Several state courts have reached the same conclusion. In Nzomo v. Vermont State Colleges, 138 Vt. 73, 411 A.2d 1366 (1980), several procedures required by the faculty handbook were not complied with in the discharge of a faculty member. The Vermont Supreme Court held that "[t]he Labor Board's factual determination that the procedural shortcomings at issue did not affect the final nonrenewal of plaintiff's contract fully support[s] its denial of reinstatement, back pay, and moving expenses." Id. 411 A.2d at 1368. Similarly, in Board of Education of Charles County v. Crawford, 284 Md. 245, 395 A.2d 835 (1979), a teacher was discharged without notice of the hearing on her dismissal. The court held that although the County Board failed to comply with the proper procedures in dismissing the teacher, the teacher was not entitled to back pay since there was just cause for her dismissal. Id. 395 A.2d at 841-42.

Thus, in light of the Supreme Court's decision in Carey, we conclude that the trial court erred in awarding back pay and reinstatement to appellee based solely upon the Board of Education's failure to comply with the requirements of D.C.Code 1973, § 31-102. Appellee is not entitled automatically to back pay and reinstatement on the basis that she was denied procedural due process.[3]See Carey v. Piphus, supra, 435 U.S. at 264, 266, 98 S. Ct. at 1052, 1053. She is entitled, however, to a remand to the Board of Education so that the required procedures might be followed in order to determine whether appellee should have been terminated, i.e., for compliance with § 31-102. The plain language of § 31-102, as it was in effect at the time pertinent to this proceeding, provided that "no . . . dismissal of any . . . teacher shall be made by the Board of Education, except upon the written recommendation of the superintendent of schools."[4]

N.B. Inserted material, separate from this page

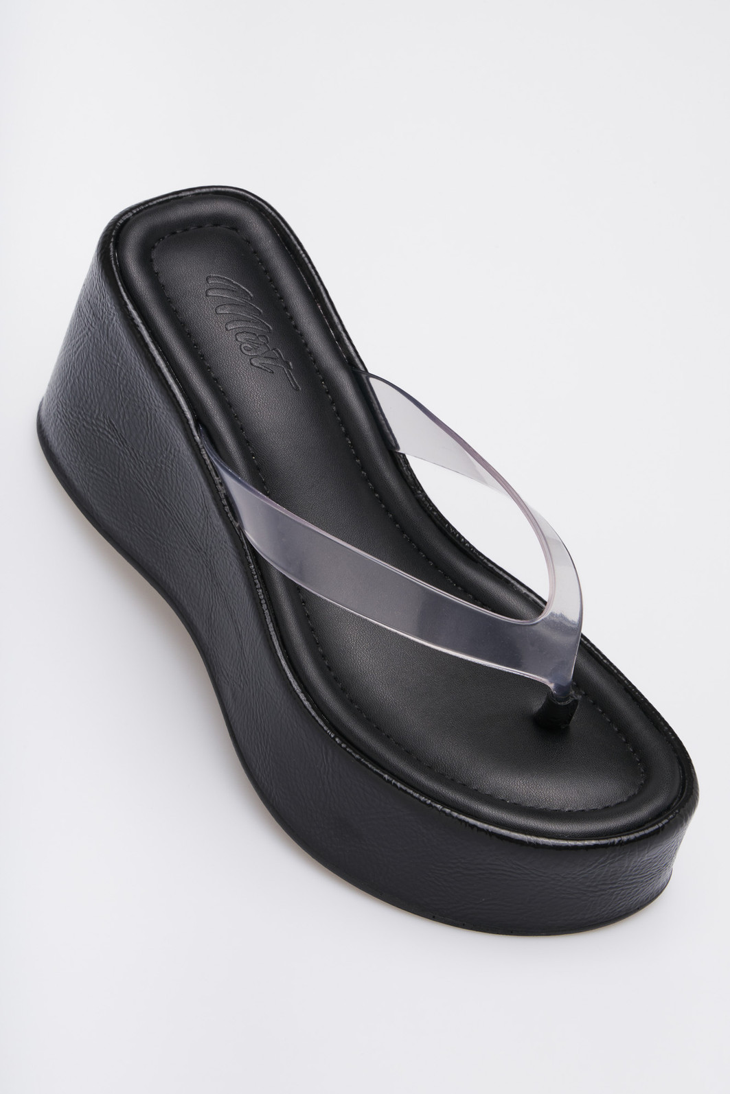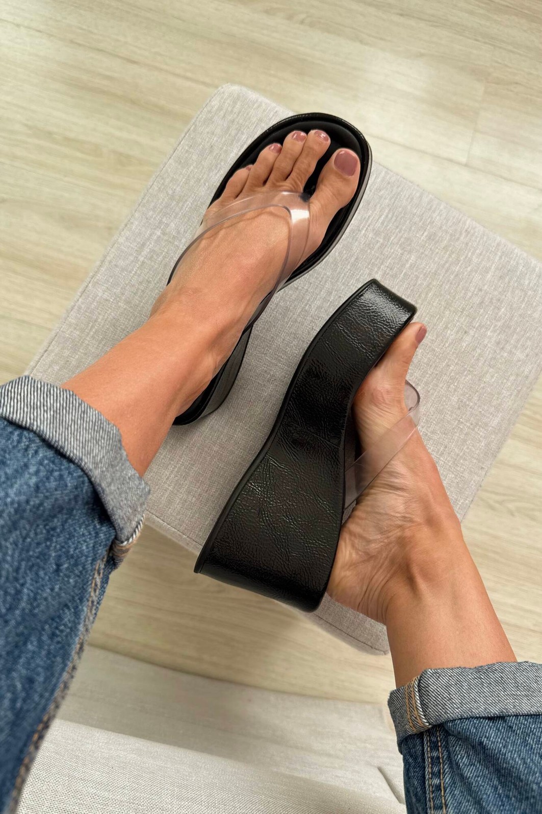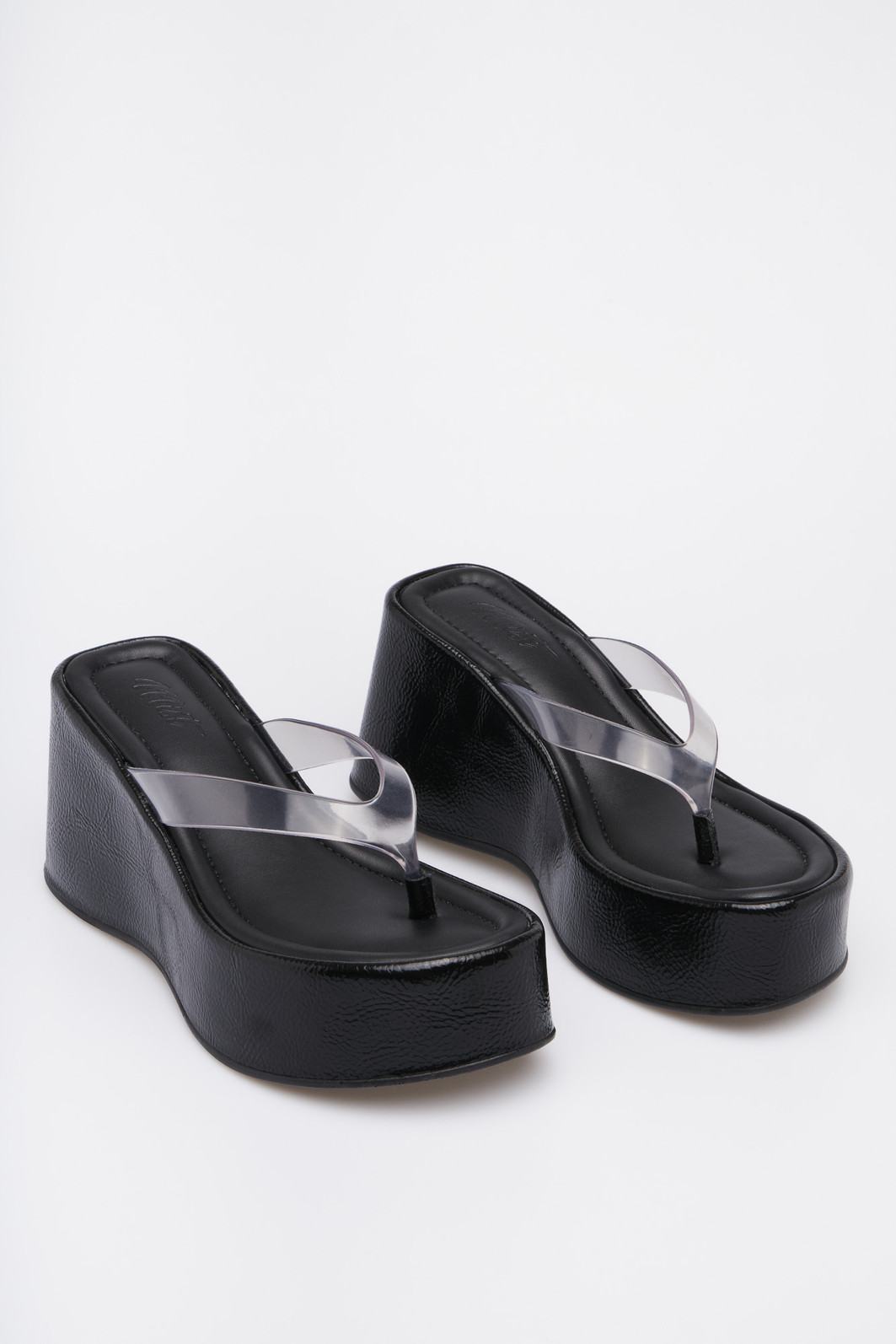 O Tamanco Vinil Preto MIST combina a modernidade da transparência com a robustez da plataforma. Sua tira frontal em vinil cria efeito "naked" elegante e atual, enquanto a base preta proporciona impacto visual e estabilidade no caminhar.

In so concluding, we express the view that our holding in District of Columbia v. Jones, D.C.App., 442 A.2d 512 (1982), is not to the contrary. There we upheld the trial court's finding that the procedures followed by the Metropolitan Police Department in determining a police officer's right to administrative sick leave were constitutionally defective, but reversed the trial court's grant of summary judgment in favor of the police officer on the issue of damages. We noted that, on remand, the police officer would have the burden of proving not only that he suffered damages but that those damages were proximately caused by the denial of due process by the Metropolitan Police Department. Id. at 524-25. We also noted that the trial judge had concluded that a new hearing before the Police Department Administrative Board would not serve to rectify the absence of procedural due process at a meaningful time. There was no such conclusion by the trial court in the case before us, and we find no basis in the record for concluding that a renewed *966 proceeding before the Board of Education could not duly address the matters at issue.[5]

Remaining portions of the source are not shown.